I’ve tried to estimate this probability before, and there are at least two factors you didn’t take into account:
- Only probable-primes can be chosen by key generation routines for p and q, ideally with the goal that n=p×q must be a semiprime (the product of exactly two primes).
- There is other logic to try to require n to be larger than some minimum value, so that we don’t end up with a much shorter modulus at random. I think the most common interpretation is “a modulus which takes 2048 bits to write out in binary”, which means a number between 2^2048 and 2^2049. I’m not sure whether that’s the exact interpretation used by all key-generation routines, but running
openssl genrsa 2048 | openssl rsa -modulus -noout | cut -d= -f2 | tr -d '\n' | wc -c many times shows that OpenSSL appears to use this interpretation. (the hexadecimal representation of the modulus is always exactly 512 hex digits long, never, say, 511 or 510)
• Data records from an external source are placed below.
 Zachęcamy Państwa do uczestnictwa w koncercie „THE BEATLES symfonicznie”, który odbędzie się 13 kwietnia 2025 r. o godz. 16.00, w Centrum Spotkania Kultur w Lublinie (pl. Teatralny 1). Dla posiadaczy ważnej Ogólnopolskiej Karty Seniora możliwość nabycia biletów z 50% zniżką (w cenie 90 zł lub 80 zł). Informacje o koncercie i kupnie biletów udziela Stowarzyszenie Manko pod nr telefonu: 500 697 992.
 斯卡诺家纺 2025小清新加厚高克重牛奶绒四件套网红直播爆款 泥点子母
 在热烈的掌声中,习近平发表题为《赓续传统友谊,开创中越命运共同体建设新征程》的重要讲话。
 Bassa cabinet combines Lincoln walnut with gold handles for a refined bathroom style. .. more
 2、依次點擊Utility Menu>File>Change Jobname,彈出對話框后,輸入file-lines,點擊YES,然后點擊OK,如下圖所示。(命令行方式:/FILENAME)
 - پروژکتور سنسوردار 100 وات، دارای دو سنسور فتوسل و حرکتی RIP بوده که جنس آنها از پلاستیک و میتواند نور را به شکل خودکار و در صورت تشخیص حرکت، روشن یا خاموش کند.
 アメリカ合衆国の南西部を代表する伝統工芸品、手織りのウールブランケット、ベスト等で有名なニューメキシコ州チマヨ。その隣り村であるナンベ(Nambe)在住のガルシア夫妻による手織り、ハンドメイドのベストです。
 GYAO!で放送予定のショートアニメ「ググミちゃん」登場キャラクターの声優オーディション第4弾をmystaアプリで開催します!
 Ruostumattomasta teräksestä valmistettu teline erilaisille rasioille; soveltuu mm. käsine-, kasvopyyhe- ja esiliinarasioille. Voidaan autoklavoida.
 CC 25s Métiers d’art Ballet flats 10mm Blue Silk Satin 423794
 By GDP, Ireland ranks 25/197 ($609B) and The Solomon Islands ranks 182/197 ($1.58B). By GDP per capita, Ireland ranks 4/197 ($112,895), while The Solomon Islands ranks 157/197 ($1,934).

So the collision probability should be based on the number of semiprimes between 2^2048 and 2^2049 whose factors are roughly equal in size (potentially excluding some of them because the key generation deliberately or accidentally excludes some primes from being used in a key).
I think this is about the square of the number of primes from 2^1024 to sqrt(2^2049) (which is a bit smaller than 2^1025).
I just chose 1000000 integers at random in this range and 1425 of them were prime. If that sample were typical, that would mean there were roughly 106109615035909173991822291315914873021653897686062968341193540595665511543244825485791419726267136989394312557693091048073884629203739655747091199916336469562459901109366621456544966554847548011018687734419813914851962110837880014622865473073207030444050620634256500741057437943967654418934532734104462573 primes in this range, or around 10^305. The square of that number is around 10^610, which is then an extremely rough estimate for the number of 2048-bit RSA moduli.
The individual collisions according to this estimate are about three million times more likely than your estimate, but that’s not very much at this level of improbability.
Another thing to think about is the birthday paradox, relating to the probability that a collision will ever happen in a particular application of RSA.